Monday, September 10, 2007

New names for old Conditions

I noticed an Associated Press article about a 'new' medical condition in Iraq christened TBI or 'Traumatic Brain Injury'. With a host of new therapies and medical specialisation relating to the 'disorder', much is being made of its unusual and unprecedented nature. Doesn't any one read history? Doesn't any one read literature?

Greek and Roman writers discussed this condition and in the wake of the First World War, writers like H.G. Wells wrote a number of books that featured soldiers who suffered from a similar condition, known then as 'shell shock'.

I had a personal friend in the British paratroopers who told me about life in the 'elite' branch of the military. The training for military exercises is inimical to ordinary life.

One medical specialist noted that poor sleeping habits were the result of training that forced them to be 'alert all the time.'

Another remarked that: 'Their nervous system becomes acclimated to being constantly on alert - fight or flight.'

Drugs including strong amphetamines are given to soldiers on a regular basis when the situation merits it.

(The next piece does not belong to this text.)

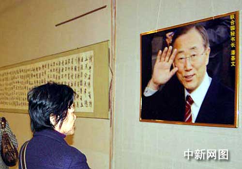 中新網(wǎng)南寧1月11日電(記者 劉萬強(qiáng))聯(lián)合國秘書長潘基文“亮相”中國廣西博物館正在舉行的2009年潘氏迎春書畫藝術(shù)作品展上,在該項(xiàng)展覽中,潘基文作為潘氏名人,他的兩幅照片被掛在展廳內(nèi)的顯著位置。

It is well-known that 'uppers' can cause mental disorders, including anxiety and paranoia attacks. My friend thought he was going mad until I showed him literature dealing with the side-effects of drugs like 'speed'. He recognised the drugs that he and his companions had been given but had been unaware of the fact that they were what was known on the street as 'speed'.

Soldiers are trained to become 'killing machines'. Ordinary human life does not allow individuals to be 'killing machines'. Is it any wonder that these soldiers return to civilian life unequipped to deal with normal situations?

What is amazing to me, however, is the way people focus on THEIR own society, their time period and their situation as if it were something unique and new. Lessons seldom are learned from the past even when the past is acknowledged.

The article dealing with TBI only discussed American soldiers, making no mention of the traumatic stress and TBI suffered by the Iraqi people. There was no mention of the depleted uranium in Iraq either, the presence of which is poisoning the land and its people.

The United States has been using vast quantities of depleted uranium in munitions in Iraq. Uranium dust spread by the air after the explosion of any projectile containing DU causes birth defects and cancer, apart from the other immediate health hazards it poses to those who inhale it.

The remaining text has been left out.